But that doesn't really help your issue lol, so I'll see what I can do because it should work. I don't use Proxmox myself (not recently), but virtualize a lot of pfSense for testing on my XCP-ng cluster and haven't seen anything like this on them.
When you console in do you see any errors on the pfSense output? I think that would be the first place to check is if something is crashing on pfSense itself.
Does anything else running on this Proxmox host behave odd at similar times? Any logs from the host about the VM?
I'd also maybe consider giving pfSense a bit more specs than that, they're within the minimum but 2GB and 1 core is pretty minimal even for a low speed requirement firewall.
Also do you have any packages running? Maybe try disabling a few to see if it could be a specific package crashing it, of course hard to verify that.
And my final question for now, any idea if maybe a ton of traffic is happening during these crashes? Maybe Steam is running background game updates or something? That would point to maybe not enough "hardware" assigned to the VM.
-
@abide I had a similar issue with a hardware switch. The switch stopped routing under some loads traffic is not sent to the required nic on the switch (Shadow protect image manager monthly consolidating with concurrent verification most commonly). Shown by using Wire shark on one of the switches NIC configured to monitor other NIC on the switch. My solution when the fault was isolated was to stop Image manager mediately verifying images.
In your case you are using Proxmox as a software switch / bridge. Perhaps the Proxmox bridge is locking up in some circumstances.

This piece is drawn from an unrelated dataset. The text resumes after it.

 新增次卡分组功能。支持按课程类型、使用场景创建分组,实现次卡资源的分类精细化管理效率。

Btw I run pfsense under Proxmox but pass through all NIC used by pfsense.
-
@planedrop I understand. I would never recommend one of my clients to virtualise a firewall. This is just my home network and I enjoy the fact that I can contain everything in one host.

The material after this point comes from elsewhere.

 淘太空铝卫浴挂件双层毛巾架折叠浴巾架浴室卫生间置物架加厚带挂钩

When you console in do you see any errors on the pfSense output? I think that would be the first place to check is if something is crashing on pfSense itself.
When I log into the console the only messages that show are login attempts.
Does anything else running on this Proxmox host behave odd at similar times? Any logs from the host about the VM?
No, everything else performs fine. For clarity on the host I also have a Win 11 desktop, a Win 19 server, a docker container with some lightweight apps, I run an Entuity server, a file server, and the pfSense box. All of which have been spun up at different times, and none of which seem to have affected the pfSense having issues.
I'd also maybe consider giving pfSense a bit more specs than that, they're within the minimum but 2GB and 1 core is pretty minimal even for a low speed requirement firewall.
I'll take that onboard and look at giving it some more resources.
Also do you have any packages running? Maybe try disabling a few to see if it could be a specific package crashing it, of course hard to verify that.
I don't have anything wildly custom on this router, but I'll do some digging.
-
@Patch I hadn't considered it could be to do with my switch. I have a 10-port Zyxel switch. I'll consider that when I do my troubleshooting.
For clarity, I have 2 NICs passed-through to the VM, one for LAN, one for WAN. I use the Mgt interface on the host for everything else.